• YOUR OBJECTIVE:
State how many lines in the records hold the word "İspanya", giving the number and no other text.

RECORDS FOR THE TASK: Begin

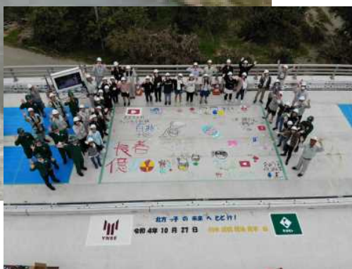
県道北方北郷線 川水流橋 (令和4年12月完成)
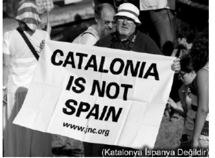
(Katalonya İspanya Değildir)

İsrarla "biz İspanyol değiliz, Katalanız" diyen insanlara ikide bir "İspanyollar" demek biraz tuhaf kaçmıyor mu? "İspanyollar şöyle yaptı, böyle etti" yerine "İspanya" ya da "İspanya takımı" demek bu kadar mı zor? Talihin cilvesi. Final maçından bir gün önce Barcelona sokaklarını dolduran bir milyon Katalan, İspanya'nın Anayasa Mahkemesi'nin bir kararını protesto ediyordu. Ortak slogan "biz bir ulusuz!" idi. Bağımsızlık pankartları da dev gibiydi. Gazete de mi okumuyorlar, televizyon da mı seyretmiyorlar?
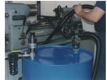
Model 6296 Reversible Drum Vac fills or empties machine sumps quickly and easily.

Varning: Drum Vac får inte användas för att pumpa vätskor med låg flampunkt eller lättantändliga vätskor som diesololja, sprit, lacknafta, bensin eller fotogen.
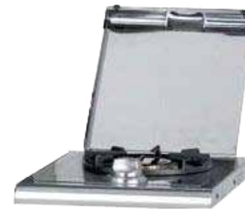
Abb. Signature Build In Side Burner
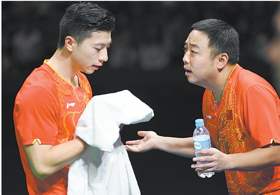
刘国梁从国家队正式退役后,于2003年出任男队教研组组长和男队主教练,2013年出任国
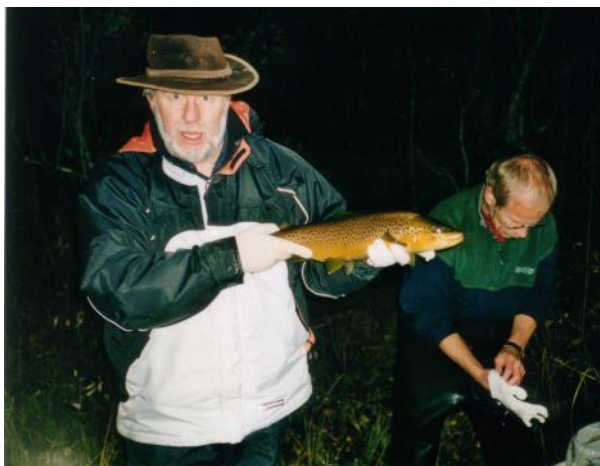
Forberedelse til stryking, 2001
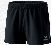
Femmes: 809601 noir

RECORDS FOR THE TASK: End
RECORDS FOR THE TASK: Begin

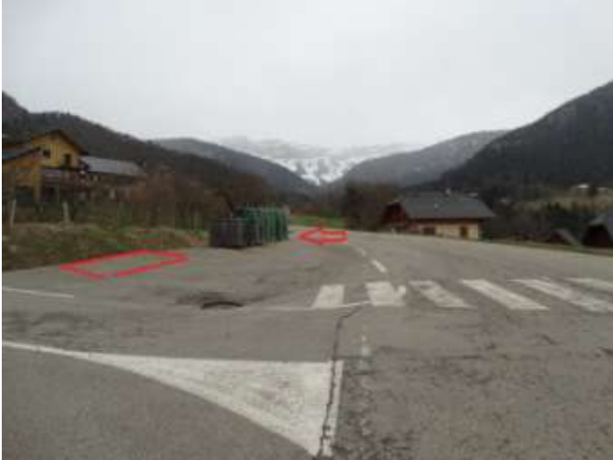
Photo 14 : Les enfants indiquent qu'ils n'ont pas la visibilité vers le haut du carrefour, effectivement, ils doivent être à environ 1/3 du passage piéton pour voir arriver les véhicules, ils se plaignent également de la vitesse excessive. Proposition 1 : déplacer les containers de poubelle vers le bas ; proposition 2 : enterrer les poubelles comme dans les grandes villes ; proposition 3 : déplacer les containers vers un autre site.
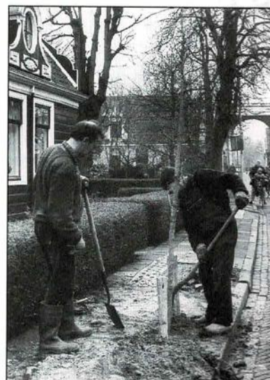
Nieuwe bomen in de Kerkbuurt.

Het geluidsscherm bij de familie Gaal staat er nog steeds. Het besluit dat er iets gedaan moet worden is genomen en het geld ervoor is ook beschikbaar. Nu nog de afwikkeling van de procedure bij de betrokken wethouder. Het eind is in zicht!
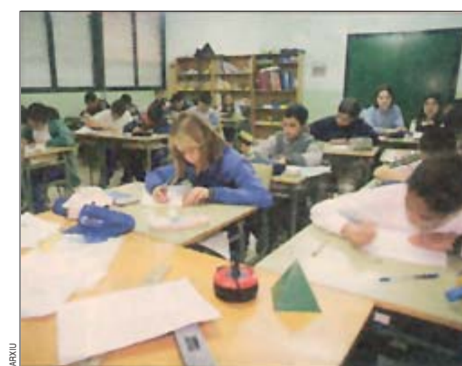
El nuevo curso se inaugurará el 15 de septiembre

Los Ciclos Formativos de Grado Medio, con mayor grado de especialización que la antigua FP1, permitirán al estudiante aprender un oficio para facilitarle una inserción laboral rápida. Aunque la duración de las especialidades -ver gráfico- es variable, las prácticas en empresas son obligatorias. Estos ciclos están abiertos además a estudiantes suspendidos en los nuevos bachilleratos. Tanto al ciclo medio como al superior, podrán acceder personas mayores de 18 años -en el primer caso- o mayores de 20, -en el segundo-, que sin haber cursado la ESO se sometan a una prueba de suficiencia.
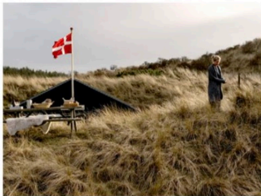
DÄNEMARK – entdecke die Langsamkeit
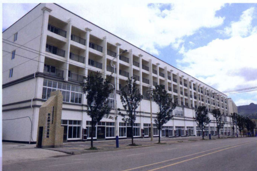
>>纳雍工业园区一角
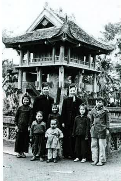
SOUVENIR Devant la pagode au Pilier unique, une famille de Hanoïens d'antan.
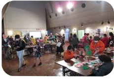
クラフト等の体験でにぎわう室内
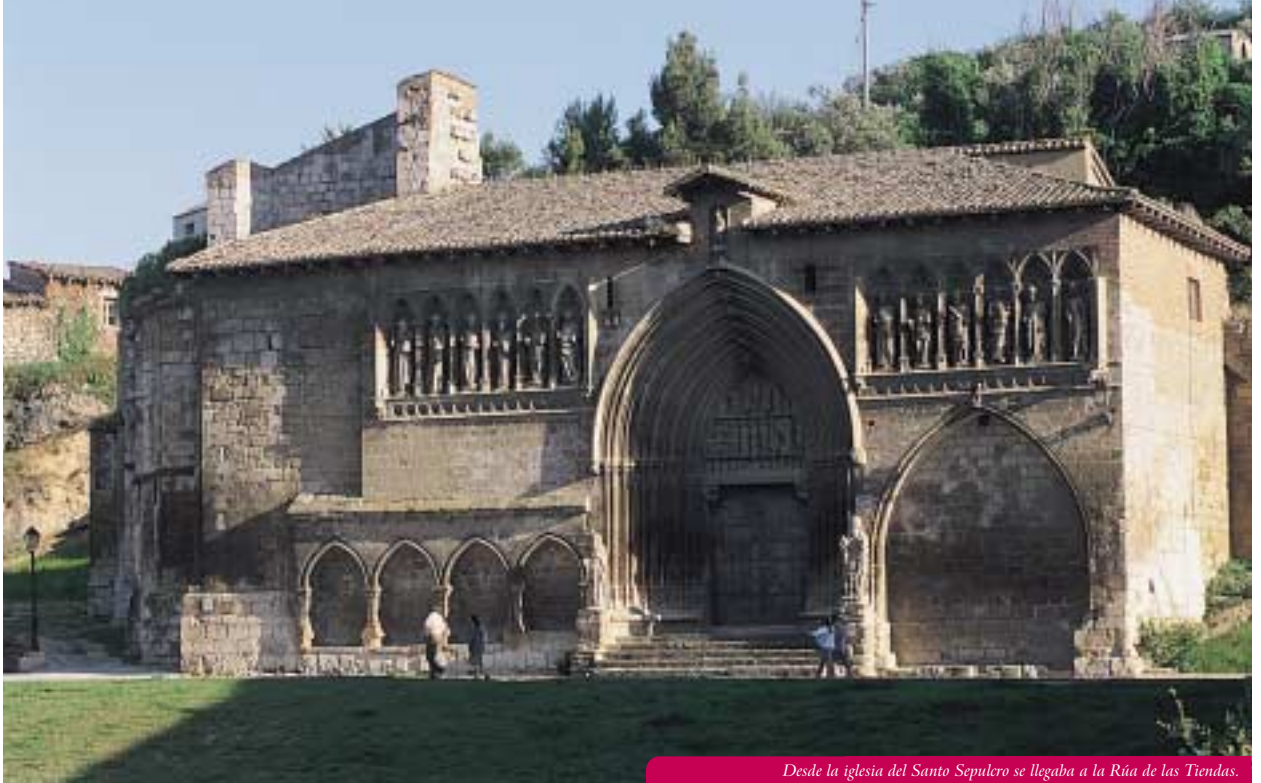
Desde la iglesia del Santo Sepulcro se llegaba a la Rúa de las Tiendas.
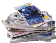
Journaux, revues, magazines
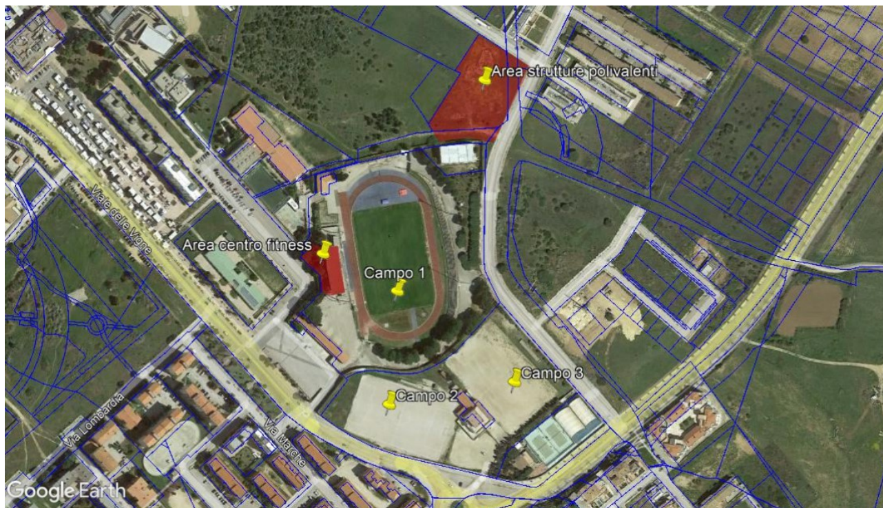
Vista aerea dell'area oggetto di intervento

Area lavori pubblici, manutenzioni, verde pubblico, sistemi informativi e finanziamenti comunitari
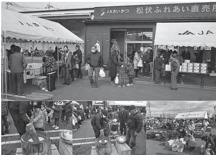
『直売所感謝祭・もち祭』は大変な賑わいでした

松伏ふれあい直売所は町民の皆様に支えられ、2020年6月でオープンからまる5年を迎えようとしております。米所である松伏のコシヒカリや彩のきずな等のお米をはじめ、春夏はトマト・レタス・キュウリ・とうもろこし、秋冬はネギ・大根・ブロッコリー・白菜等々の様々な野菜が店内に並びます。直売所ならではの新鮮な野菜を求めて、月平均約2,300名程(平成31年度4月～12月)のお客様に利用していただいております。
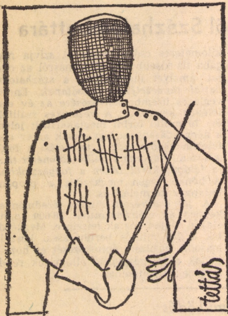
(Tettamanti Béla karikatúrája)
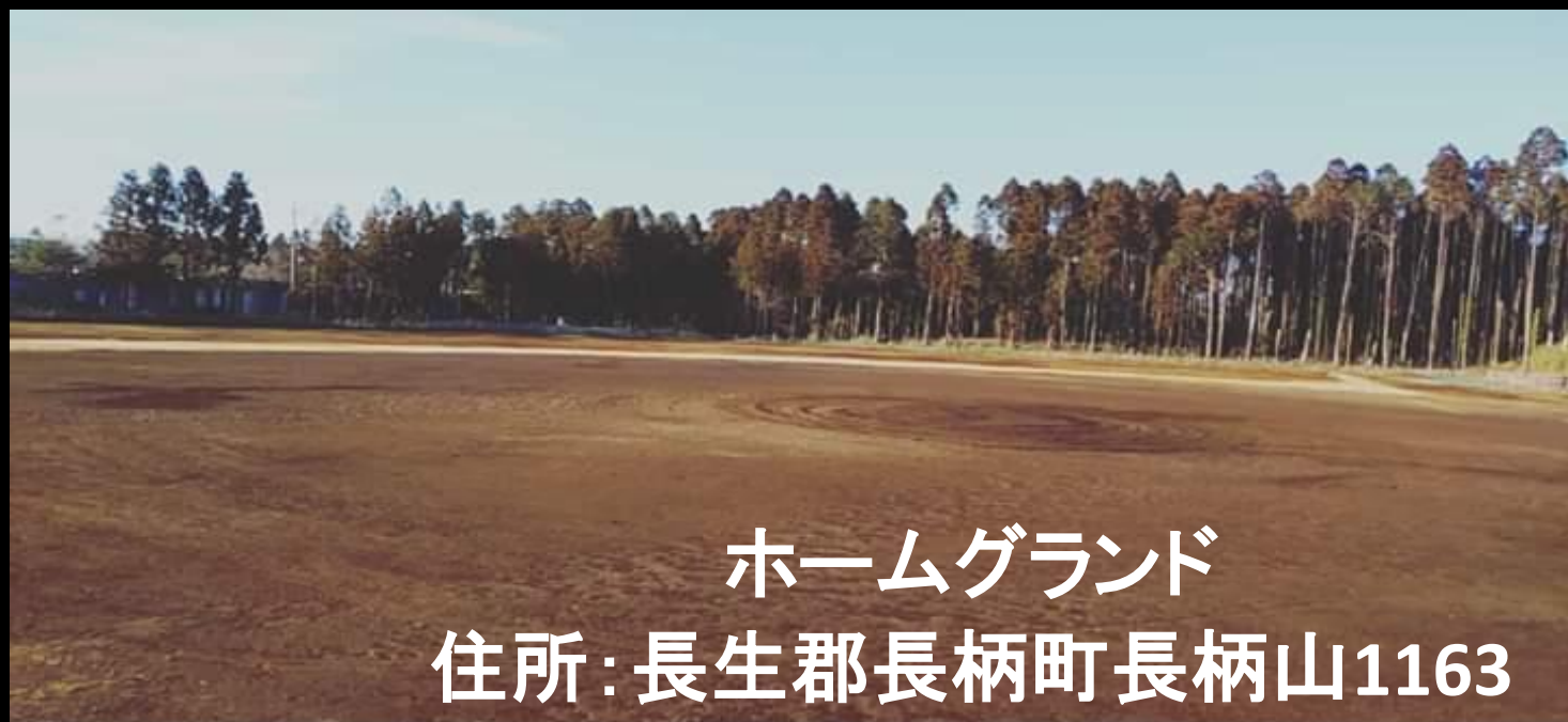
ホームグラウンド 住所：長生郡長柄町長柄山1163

RECORDS FOR THE TASK: End
RECORDS FOR THE TASK: Begin

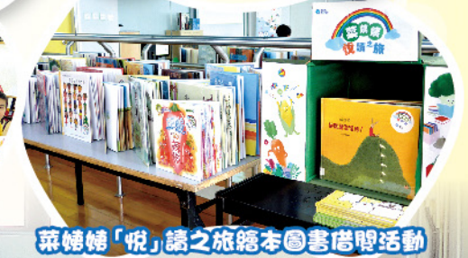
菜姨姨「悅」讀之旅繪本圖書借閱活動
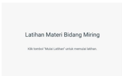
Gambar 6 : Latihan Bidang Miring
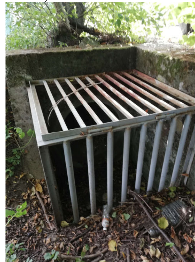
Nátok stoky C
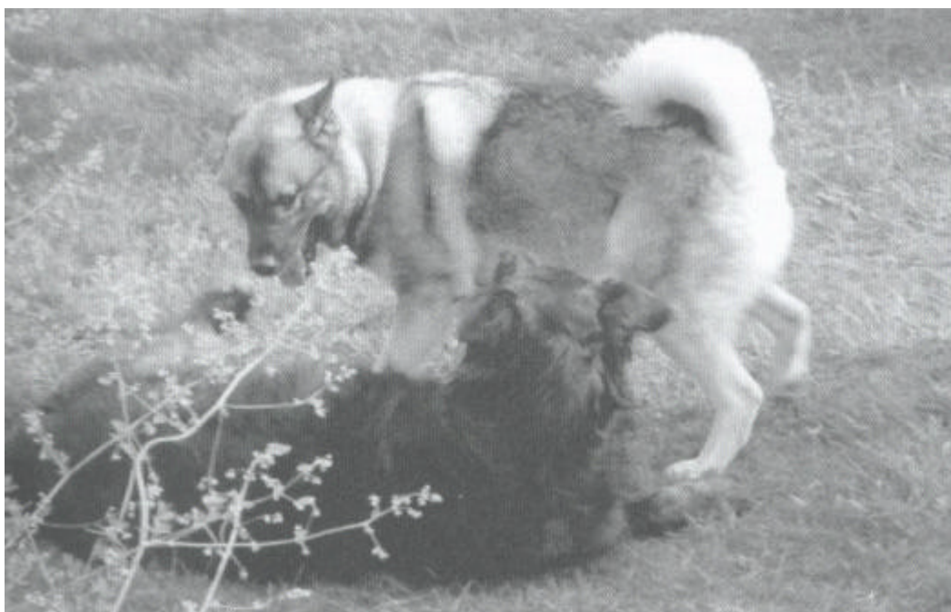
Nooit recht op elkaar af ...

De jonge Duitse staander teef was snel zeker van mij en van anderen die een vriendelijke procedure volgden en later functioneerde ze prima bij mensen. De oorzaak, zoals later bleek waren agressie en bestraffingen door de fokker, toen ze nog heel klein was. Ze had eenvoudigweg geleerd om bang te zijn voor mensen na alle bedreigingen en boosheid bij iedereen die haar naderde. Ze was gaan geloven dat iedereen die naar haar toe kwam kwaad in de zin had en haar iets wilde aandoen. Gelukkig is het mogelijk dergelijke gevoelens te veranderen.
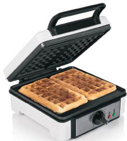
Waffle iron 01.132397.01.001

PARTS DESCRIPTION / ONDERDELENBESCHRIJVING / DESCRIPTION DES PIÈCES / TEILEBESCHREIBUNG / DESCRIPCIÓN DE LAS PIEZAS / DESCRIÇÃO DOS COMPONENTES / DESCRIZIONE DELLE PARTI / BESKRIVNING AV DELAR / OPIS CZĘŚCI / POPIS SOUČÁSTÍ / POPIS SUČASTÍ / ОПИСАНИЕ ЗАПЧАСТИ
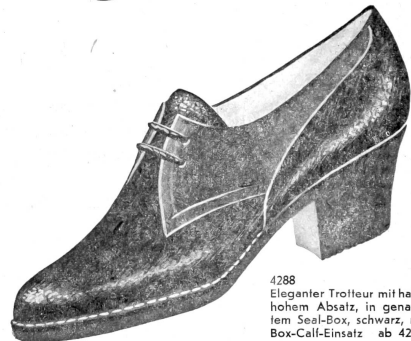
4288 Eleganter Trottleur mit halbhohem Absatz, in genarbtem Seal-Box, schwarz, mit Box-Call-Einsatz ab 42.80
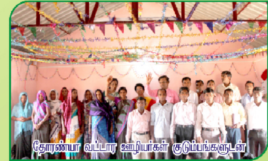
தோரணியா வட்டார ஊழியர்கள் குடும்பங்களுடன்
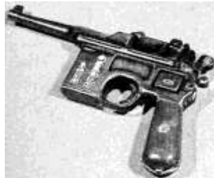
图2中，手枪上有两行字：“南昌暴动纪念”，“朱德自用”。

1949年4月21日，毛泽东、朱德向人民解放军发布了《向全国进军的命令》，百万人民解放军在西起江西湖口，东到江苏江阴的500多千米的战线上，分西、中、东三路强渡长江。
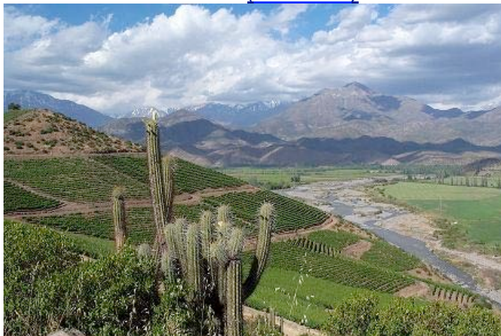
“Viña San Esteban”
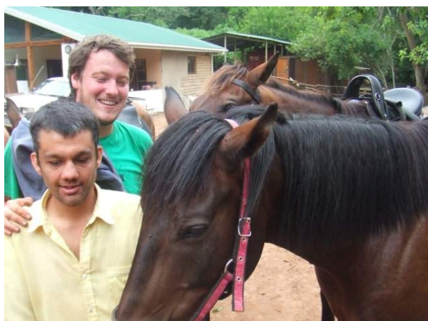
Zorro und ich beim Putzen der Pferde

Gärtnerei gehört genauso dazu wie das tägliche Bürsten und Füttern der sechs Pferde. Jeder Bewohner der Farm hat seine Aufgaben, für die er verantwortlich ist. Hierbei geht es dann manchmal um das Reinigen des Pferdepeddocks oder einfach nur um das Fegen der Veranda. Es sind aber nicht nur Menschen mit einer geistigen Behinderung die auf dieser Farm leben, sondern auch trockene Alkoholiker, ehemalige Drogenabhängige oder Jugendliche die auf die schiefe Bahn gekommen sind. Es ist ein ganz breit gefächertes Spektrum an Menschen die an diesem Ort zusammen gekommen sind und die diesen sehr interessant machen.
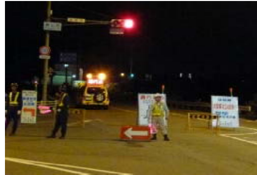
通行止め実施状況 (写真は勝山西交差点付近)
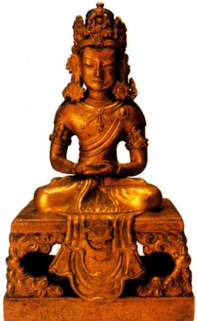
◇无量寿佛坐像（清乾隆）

RECORDS FOR THE TASK: End

• WRITTEN REPLY:
2